To estimate the accuracy, we take a sample of our customers’ requests on a weekly basis. Then, an analyst manually classifies the transactions as income or not. The transactions classified manually are then matched with the transactions classified by the product automatically.

Finally, we calculate our results’ accuracy with two different confidence levels, with a reliability of up to 90 percent.

Carugati: Belvo says it has access to over 90 percent of the bank accounts in Latin America. What were the main challenges in obtaining such widespread access, and what would it take to get to complete coverage?

Viguera: Our platform’s reach was the first thing we knew we needed to address at Belvo. And achieving this great coverage came with interesting challenges while building.

We wanted to build an inclusive solution that could enable the vast majority of the population in the region to link their accounts to financial apps. This meant that our priority was including the largest possible number of institutions into our platform so that, no matter where users’ financial data is stored, companies can access it safely through Belvo.

This was one of the main challenges our product team had to face to grow and integrate quickly. To solve it, we built a very strong local operations team focusing on understanding the requirements for those institutions’ accesses ahead of the development stage. This team is constantly improving this process for future integrations and building comprehensive guides on how to build the connections, ensuring consistency.

Another challenge was to handle all the potential scenarios that users can face when connecting their accounts to such a wide variety of institutions in Latin America. Our mission at Belvo is to make it as easy and secure as possible for users to connect their bank accounts to fintech applications in every possible scenario. Providing a smooth connection experience, given all the possible login requirements for each bank, was challenging.

This is something we completely baked into our Connect Widget, a plug-and-play connection tool for companies that provides an optimized login experience for users, which is fully customizable for each client and covers all the possible use cases they can require.

Lastly, we can mention the challenge of bringing simple, unified, and consistent data to our developers, given that we retrieve data from very heterogeneous sources.
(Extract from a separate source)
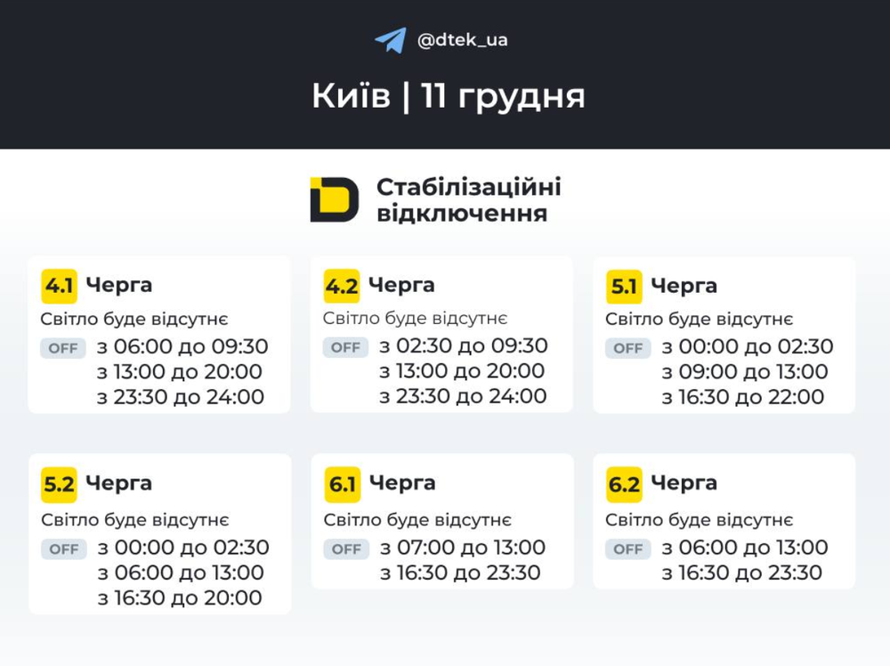 Графік відключень світла на 11 грудня

This is something critical for us as we want to make it as easy as possible for developers to innovate and extract value out of Belvo.

Carugati: How does Belvo’s API enable innovation in Latin America’s fintech ecosystem?

Viguera: The fintech ecosystem is exploding in Latin America, but there’s still a substantial lack of the necessary infrastructures for financial data to securely flow between users, traditional financial institutions, and new technology-based companies, such as neobanks or digital wallets.

We want to change this by becoming the standard infrastructure that connects all these players together so that innovative financial companies can access and interpret financial data from their users to create more modern, accessible, and inclusive products.

Leading innovators in Latin America are already building next-generation financial services thanks to Belvo by connecting their apps to their users’ bank accounts in a fast, efficient, stable, and developer-friendly way.

Our products help these companies use financial data to build new products and improve decision-making. Some of the most common use cases are: personal finance, where companies use our APIs to connect to access all their user’s bank accounts in one place so that they can provide better spending analytics and proactive recommendations; challenger banks and wallets that build an in-house personal finance manager for their users and instantly authenticate and validate the owner of any account to streamline their KYC processes; credit companies that are building innovative and secure experiences for borrowers while reducing their fraud risk and improving their scoring; and accounting and ERP companies that use our API to directly access their clients’ banking or fiscal data to reduce manual errors and costs via automated accounting.